Mais bien sûr je parle juste pour dire de la merde.....
Soyons précis sur pourquoi l'AZERTY est une bouze :
1) Pour écrire facilement : les CHIFFRES et le POINT ne sont pas accessibles DIRECTEMENT (merci pour les utilisateurs de portables comme moi, c'est à se tirer une balle) alors que ce sont des touches que devraient de manière EVIDENTE être facilement accessibles....contrairement au clavier québecois.
2) Pour écrire correctement en français, l'AZERTY n'est PAS conçu pour pouvoir mettre des é ou des è en majuscule...ce qui a conduit des générations de personnes à dire que l'on accentuait pas les majuscules en français, puisque les éditeurs de livres et la presse écrite n'arrivait pas à le faire, et ce qui est TOTALEMENT FAUX.De plus il est strictgement impossible de faire des ligatures du style a e dans l'a avec un AZERTY ce qui est NECESSAIRE pour écrire CORRECTEMENT en français....contrairement au clavier québecois.
3) Pour l'informaticien pratique : quand tu boot sous Open-Firmware sur ton Mac, ou avec une disquette DOS sur ton PC, ou encore quand tu viens d'installer Xfree sur ton Linux...et bien l'agencement non-standard (juste pour casser les couilles,pour pas etre comme les amerloques) de touches commme le A,le Q,le Z ,le W a donné des cheveux blancs à des millions de personnes aux cours des années....contrairement au clavier québécois.

Mais bien sûr c'est juste différent, il n'ay a aucune justification au fait que le AZERTY soit une merde...je vais te faire un clavier avec 52 touches A et 54 touches Z et tu me dira qu'il est aussi très pratique quand on s'y est habitué ??????


----------



## MrStone (1 Septembre 2004)

Gallenza a dit:
			
		

> 2) Pour écrire correctement en français, l'AZERTY n'est PAS conçu pour pouvoir mettre des é ou des è en majuscule...ce qui a conduit des générations de personnes à dire que l'on accentuait pas les majuscules en français, puisque les éditeurs de livres et la presse écrite n'arrivait pas à le faire, et ce qui est TOTALEMENT FAUX.



Juste une ou deux précisions/réactions : ce n'est pas à cause du clavier de ton portable qu'on ne peut pas faire les cap accentuées, ou que les éditeurs ne veulent pas les faires.
Au départ c'est tout simplement parce que ça n'existait QUE dans les fontes composées à la main.

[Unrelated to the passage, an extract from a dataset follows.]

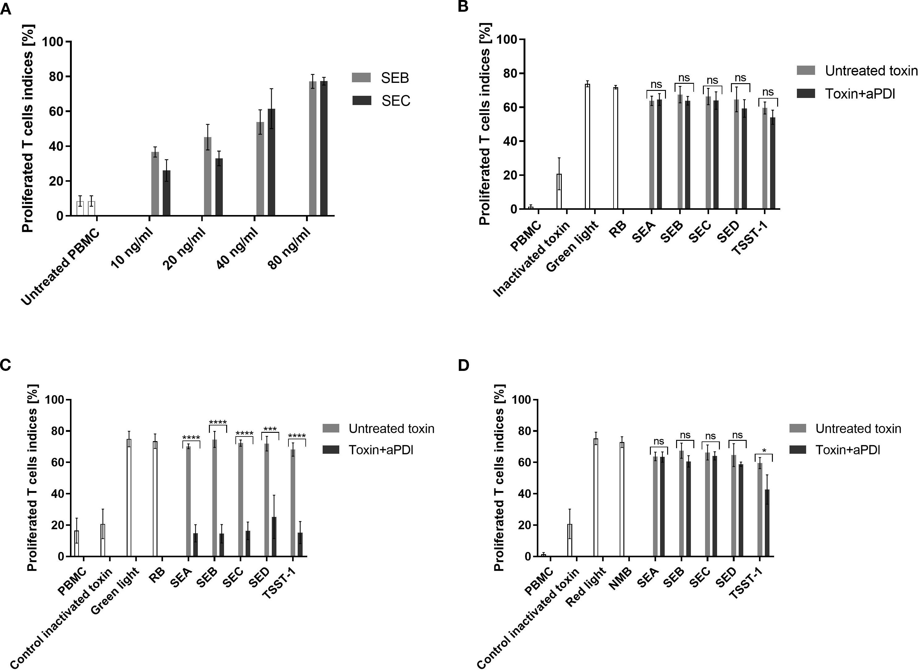 Figure 2. T-cell proliferation assay evaluating toxin activity following aPDI treatment. (A) Dose-response curve showing T-cell proliferation induced by staphylococcal toxins. Bars represent mean proliferation indices from three independent donors; error bars indicate standard deviation (SD). Prior to incubation with peripheral blood mononuclear cells (PBMC), toxins were treated as follows: (B) sublethal aPDI using rose bengal (RB, 0.5 µM) and green light (515 nm, 35 mW/cm², 12 J/cm²); (C) lethal aPDI using RB (5 µM) and green light (515 nm, 35 mW/cm², 40 J/cm²); (D) sublethal aPDI using new methylene blue (NMB, 5 µM) and red light (632 nm, 20 mW/cm², 32.5 J/cm²). Bars represent means ± SD from three donors. Significance at respective p-values is marked with asterisks: *p < 0.05; ***p < 0.001; ****p < 0.0001. Toxin controls include heat-inactivated samples (heated at 95°C for 5 min), samples treated with light only (Green light/Red light), samples treated with photosensitizer only (RB/NMB). Toxin designations (SEA, SEB, SEC, SED, TSST-1) refer to proteins treated with antimicrobial photodynamic inactivation (aPDI). ns, non significant.

Ce sont les débuts de l'automatisation et l'azerty des machines à écrire qui ont sonné le glas de la cap accentuée, mais c'était il y a fort longtemps. 

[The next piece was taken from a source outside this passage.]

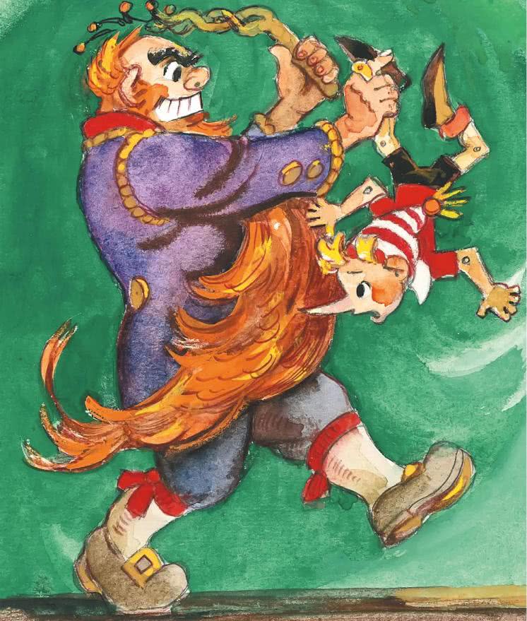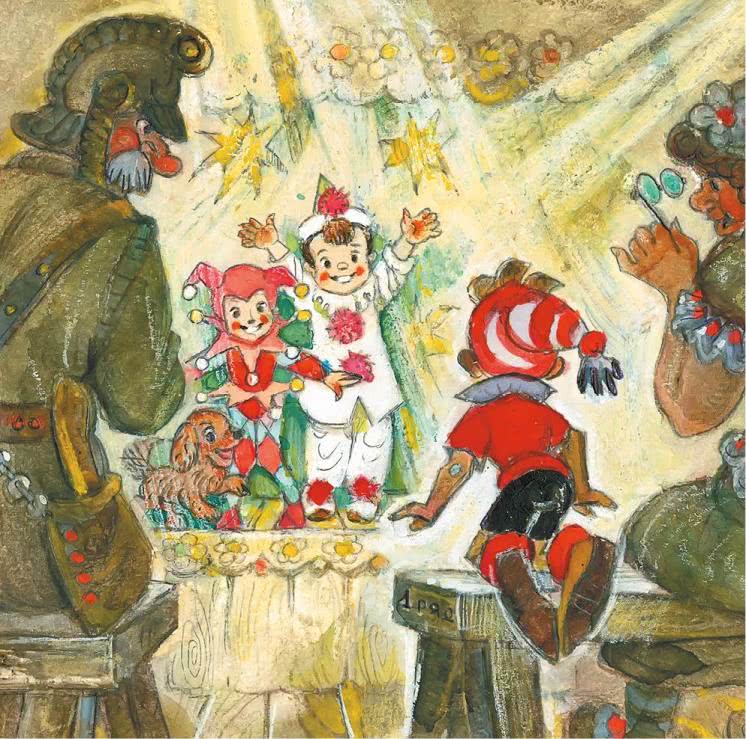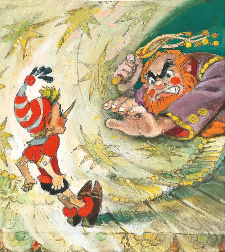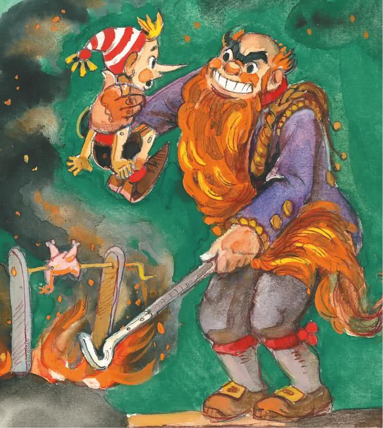 Буратино прыгнул на сцену. Куклы начали его обнимать, целовать, щипать, тормошить. Тогда из-за сцены высунулся такой страшный человек, что можно было окоченеть от страха.

Aujourd'hui tout le monde est libre des les faire (plus ou moins facilement je l'admets) avec son clavier, quel qu'il soit. Suffit d'un peu de bonne volonté, rien de plus.
Que devraient dire nos copains tchèques avec leur écriture toute accentuée de partout, hein ??? Ha ben on met pas de caron passqu'yenapasulklavié ??? 

Enfin, mais là c'est tout personnel, quand on trouve quelque chose pas bien on dit pas "c'est de la merde", on dit "j'aime pas", ou éventuellement '"je préfère l'autre"


----------



## Gallenza (1 Septembre 2004)

MrStone a dit:
			
		

> Que devraient dire nos copains tchèques avec leur écriture toute accentuée de partout, hein ??? Ha ben on met pas de caron passqu'yenapasulklavié ???
> 
> Enfin, mais là c'est tout personnel, quand on trouve quelque chose pas bien on dit pas "c'est de la merde", on dit "j'aime pas", ou éventuellement '"je préfère l'autre"



Je ne sais pas si le clavier tchèque est plus performant pour l'usage pour lequel il a été créé que le clavier français...mais ce dernier a été normalisé pour écrire en français, et il ne le permet pas, c'est donc ce qu'on appelle une bonne GROSSE MERDE conçue par des INCOMPETANTS.


----------



## cham (2 Septembre 2004)

Gallenza a dit:
			
		

> Je ne sais pas si le clavier tchèque est plus performant pour l'usage pour lequel il a été créé que le clavier français...mais ce dernier a été normalisé pour écrire en français, et il ne le permet pas, c'est donc ce qu'on appelle une bonne GROSSE MERDE conçue par des INCOMPETANTS.



Et les incompétents, on les emmerde avec un grand A !  (© Le Loft)

Ce n'est quand même pas le clavier qui génère les fautes d'orthographe et de ponctuation. Faut pas exagérer.


----------



## alan.a (2 Septembre 2004)

Je n'avais jamais véritablement étudié le clavier québécois et bien je dois dire qu'il est pas mal du tout.
Effectivement, il est bien pensé pour la langue française.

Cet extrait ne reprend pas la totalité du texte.